The RBL-2H3 cell line: its provenance and suitability as a model for the mast cell (1)
RBL-2H3 cells have been commonly and successfully used, in particular, in studies on binding of IgE to FceRI receptors and subsequent downstream events. Basophils and mast cells are two functionally similar but distinct cell types that play pivotal roles in the initiation and development of type I hypersensitivity reactions. Mucosal mast cells (MMC) and basophils respond in different ways to LPS (via TLR4), and show a different expression pattern of other TLRs.
Degranulation
The release of b-hexosaminidase after stimulation by mast cell degranulating peptide (MCDP) was tested. MCDP (0.3–10 ug/ml) failed to produce a degranulation from RBL-2H3 cells. This unresponsiveness of RBL-2H3 to compound MCDP and other polybasic compounds is not the only characteristic that this cell line shares with MMC. RBL-2H3 cells respond well to calcium ionophore A23187 in a fashion similar to both mast cells and basophils. Calcium ionophore A23187 at 5 ug/ml resulted in a degranulation in RBL-2H3 cells of almost 50% of total histamine content; this represents a value 1.65 times that obtained by IgE.
Granular mediators
Histamine is certainly present in RBL-2H3 cells, but the amount of histamine in this cell line, and relative to mast cells, is unclear. For example the histamine content of RBL-2H3 cells has been reported to be between 20–45 ng histamine per 1 x 105 cells, and 100 ng per 1 x 105 cells. b-Hexosamidinase is commonly used as a marker for degranulation in both RBL-2H3 cells and RPMC since it is released in parallel with histamine.

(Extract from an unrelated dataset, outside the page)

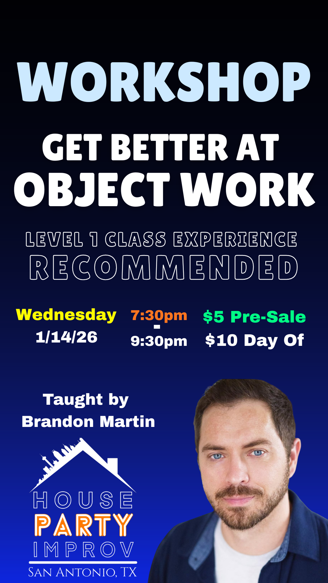 *Though no experience is required, this is not a introduction to improv, we recommend this workshop to those who have completed a level 1 improv class.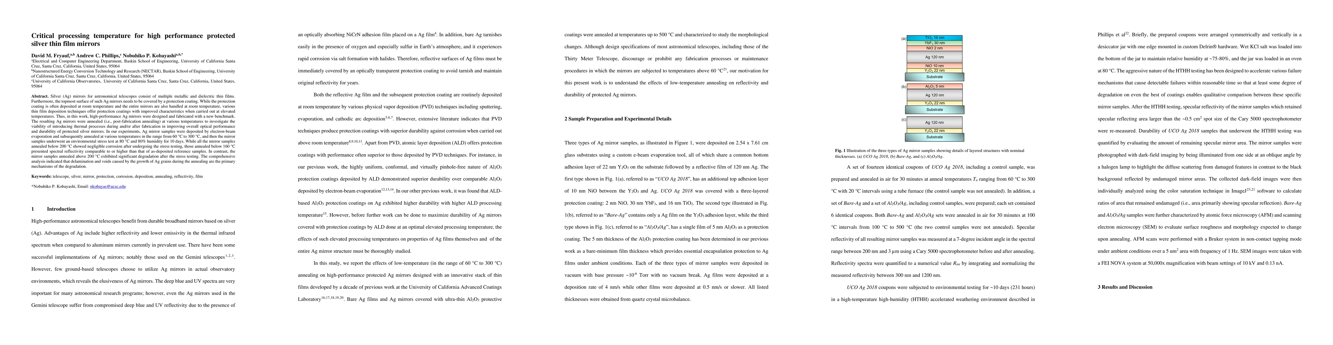 This study investigates the optimal annealing temperature for high-performance protected silver thin film mirrors used in telescopes, finding that annealing below 200°C enhances reflectivity and durability, while temperatures above 200°C lead to significant degradation due to delamination and void formation.

Release of serotonin from RBL-2H3 would appear to be biphasic, with release from large granules minutes after activation, and the bulk (>70%) of serotonin from small granules released over a period of 10 minutes. Serotonin release to IgE appears to follow a bell-shaped concentration/release curve in a manner similar to that of histamine.
Stabilisers
Mast cells can be triggered to release newly synthesized mediators, such as TNF-a, after TLR4 stimu- lation by lipopolysaccaharide (LPS), without concurrent degranulation. They can also degranulate through a TLR2- dependent pathway. RBL-2H3 are unresponsive to
LPS, although TLR4 receptors are expressed on the cell surface. This is inconsistent with previously published data where others have shown RBL-2H3 releasing up to 180 pg/ml of IL-13 and 60 ng/ml of TNF-a; it is not clear why there should be such a conflict of data. In support of their findings, Frankish and co-workers have since shown that RBL-2H3 cells do not express associated elements of the TLR4 signaling pathway: they are deficient in both CD14 and MyD88. In addition, RBL-2H3 cells are unresponsive to TLR-2 ligands such as peptidoglycan and, in fact, TLR-2 receptors are not expressed in this cell line.

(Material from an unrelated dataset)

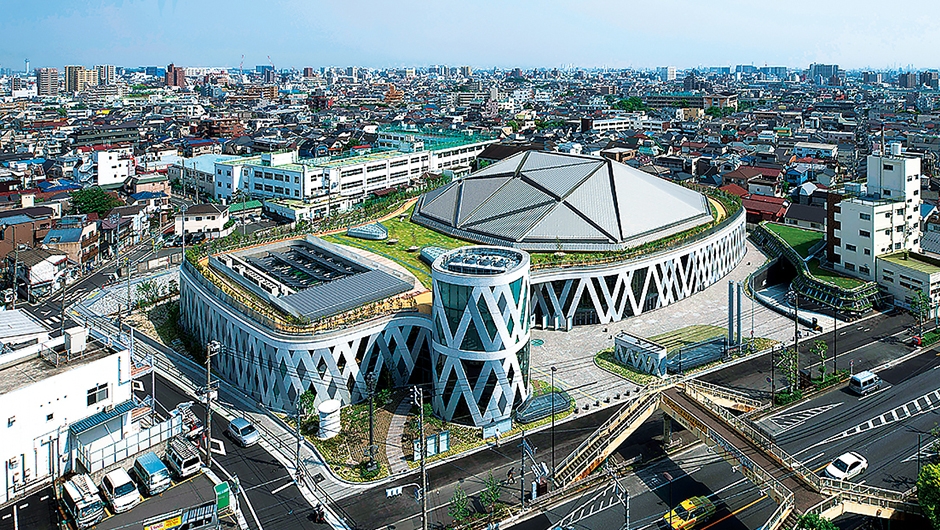 2012年に開館した大田区総合体育館は、京急蒲田駅から近く、第一京浜国道に面するという好立地にあります。狭い敷地に、プロスポーツ興行や公式大会などを催すメインアリーナと、区民利用に適したサブアリーナを持ちます。メインアリーナでは、プロスポーツ興行以外に市民スポーツなども行ないます。観客席の配置にはフレキシブルな対応が求められるため、固定席の他に移動できる観覧席が設置されました。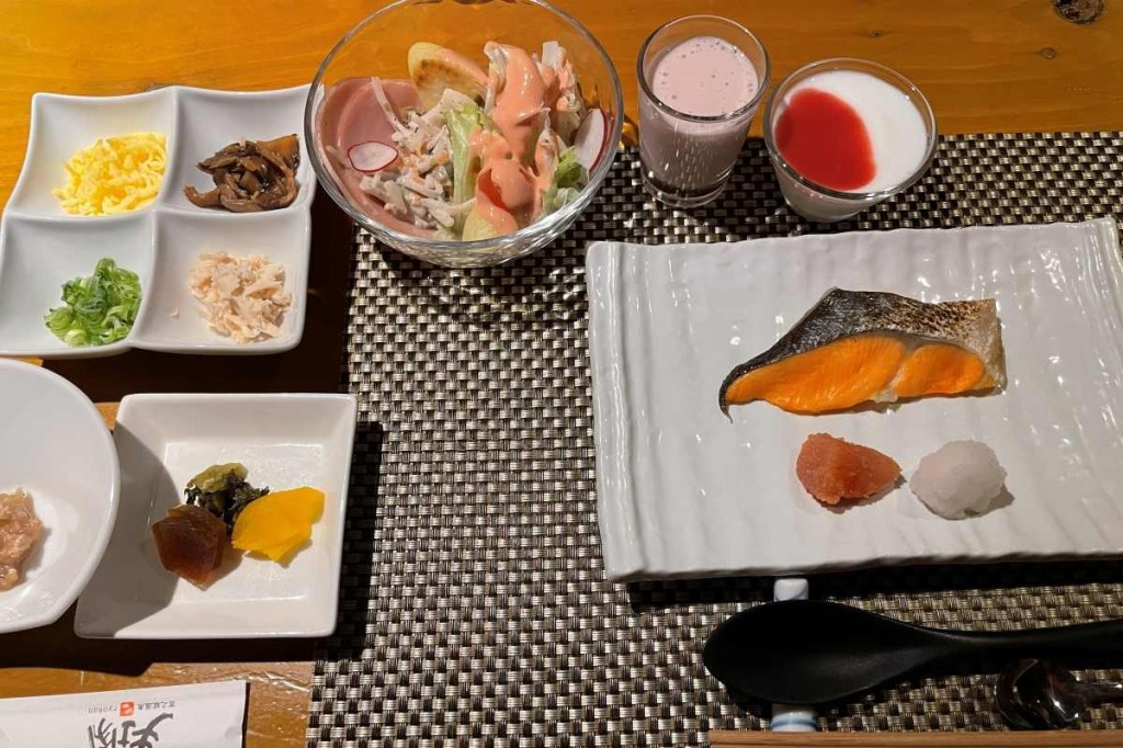 朝食も品数が多く朝から活力をもらえる内容でした。おりはし旅館は、離れを中心としたこじんまりした旅館ですが、素晴らしい温泉に加え、手抜きのない料理やスタッフのサービスなど高級感のある宿でした。

Since RBL-2H3 cells are tumorous cells, they obviously present aberrant characteristics and abnormalities. Additionally, culture conditions can affect their phenotype, leading to different strains. Even within the same strain, experimental conditions can have a profound effect on their function. RBL-2H3 cells show many characteristics common to both MMC and basophils; they present similar responses to LPS as basophils but diverge from both cell types in their TLR expression.